County officials seek to sell old IP land
Published 12:10 am Tuesday, June 25, 2013
NATCHEZ — Adams County isn’t looking to hang on to the former International Paper land — at least not all of it — for very long.
As the Aug. 12 closing date for the $9.5 million, 476-acre land transaction between the county and Rentech approaches, Adams County Supervisors President Darryl Grennell said local economic development officials are actively looking to sell the property.
“We are marketing it right now, as we speak,” Grennell said. “Natchez Inc. has been on top of it.”
Adams County board attorney Scott Slover said the possibility exists that the county will be able to sell the property as soon as it is deeded to the county, but that potential buyers would be vetted beyond just having cash available to purchase the land.
“The county is not in a position where they have to hurry to do this, so they are not going to just take it if someone shows up with $10 million if that is not necessarily what the county is looking for — they are looking for an opportunity to improve our economic development,” he said.
Natchez Inc. Executive Director Chandler Russ said discussions are ongoing with the competing bidder Adams County beat for the property when Rentech put it up for sale earlier this year. Rentech had purchased the land in 2008 with the hopes of building a coal-to-liquid fuel facility on it, but the company scrapped those plans in late 2011.
“We are continuing to have a vigorous and open dialogue with them and trying to seek solutions that are compatible to both the needs of the county and our economic development efforts as well as the needs of our client,” Russ said.
“There is a scenario being worked on that more than likely would have most of the property going toward that client and the county or the St.
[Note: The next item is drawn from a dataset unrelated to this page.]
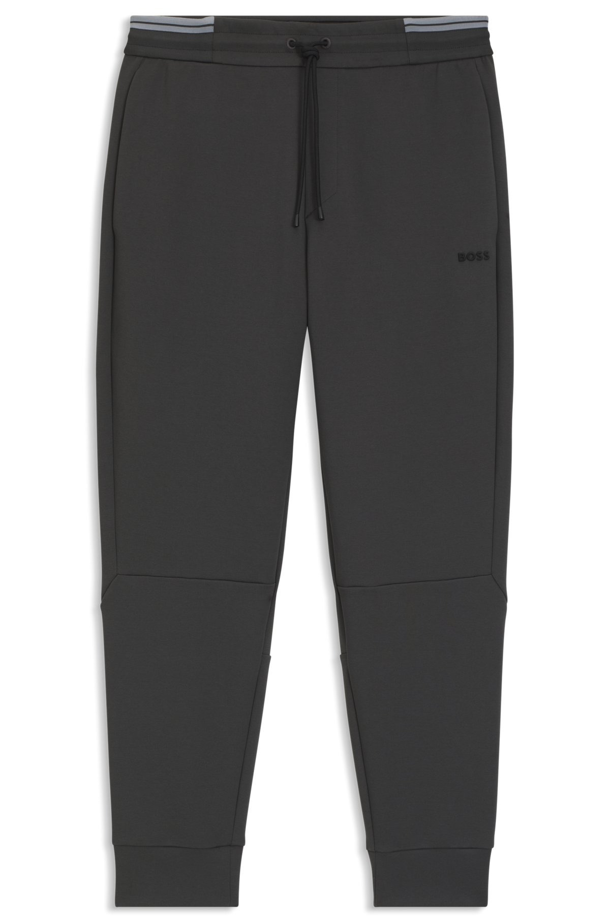 DETAILS Pants Zone - 50543070 Featuring a molded logo and sporty stripes, these regular-fit BOSS Menswear tracksuit bottoms are an easy building block. Cotton with stretch. Cuffed hems. Regular fit Regular rise Drawstring Pockets bottom front: Side pockets Pockets bottom back: Welt pocket QUALITY & CARE INSTRUCTIONS Do Not Tumble Dry Machine Wash Cold Gentle Iron Low Heat Quality: 62% Cotton, 33% Polyester, 5% Elastane, pocketing: 100% Polyester Do Not Bleach Do Not Dry Clean
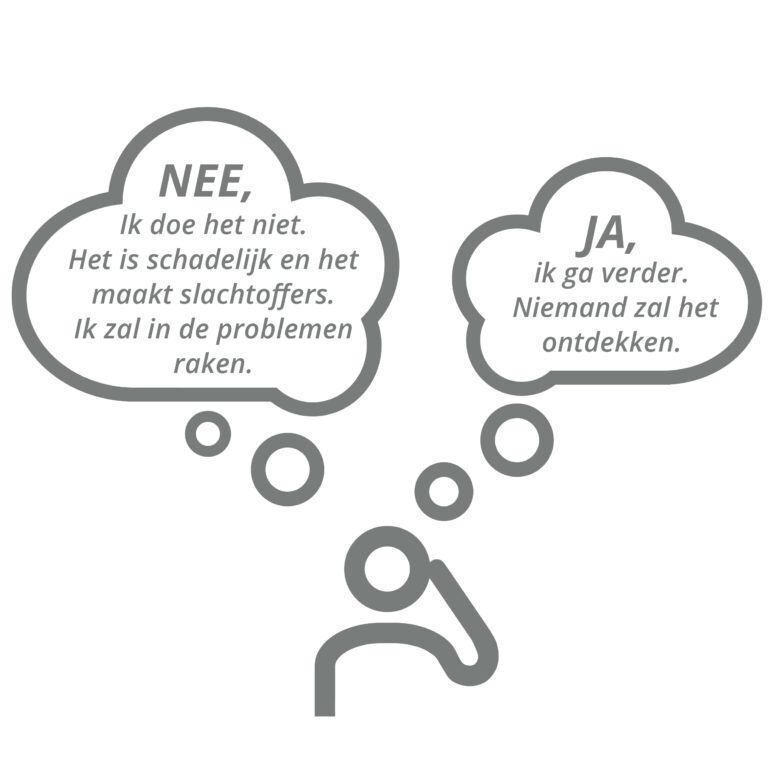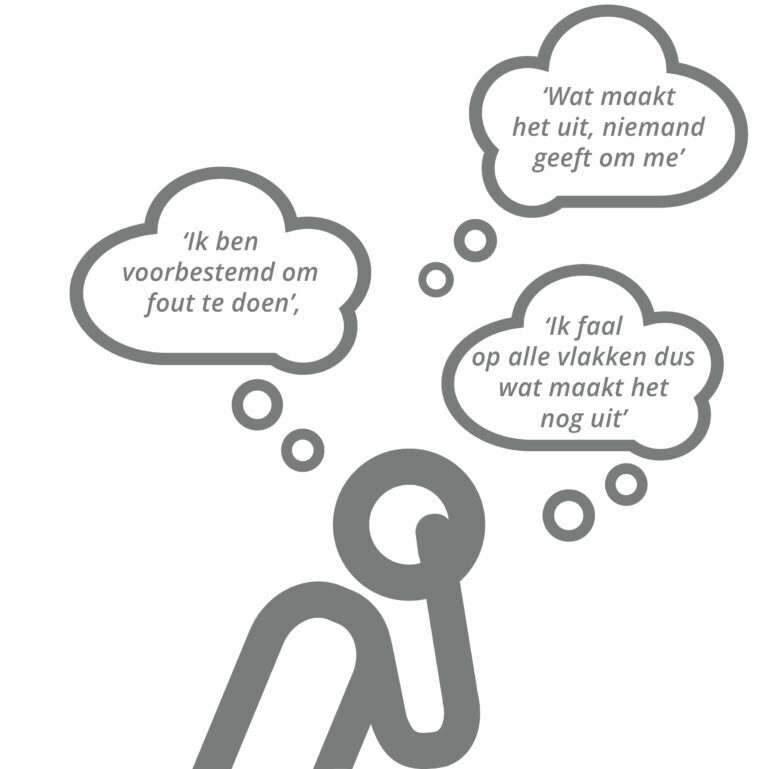 Voorbeelden van vormen van het innerlijk gesprek die ongepast of ongezond gedrag rechtvaardigen:

Catherine Creek Utility Authority keeping the wastewater facility and the appropriate easements that are necessary for our future development along those lines.”
When the county announced it had a binding contract to buy the property, Russ said at the time it was done in part to ensure the county would have access to the former IP industrial wastewater treatment facility as a tool for future economic development recruiting.
Assuming that the competing bidder does not ultimately buy the property from the county, Russ said a master plan would be drawn up in order to maximize the use of the land.
“We have got several active clients that are big investment clients — $100 million-plus investments — that are looking at parts of the property as well, so we are trying to balance some of that out,” Russ said.
But even as the land is appropriately parceled and sold, buyers will be given benchmarks they will have to meet or the land will revert to the county, Slover said.
“When you have a real big industry coming in, they cannot just snap their fingers and build overnight, but we will have some time elements (that will be included in land deals).”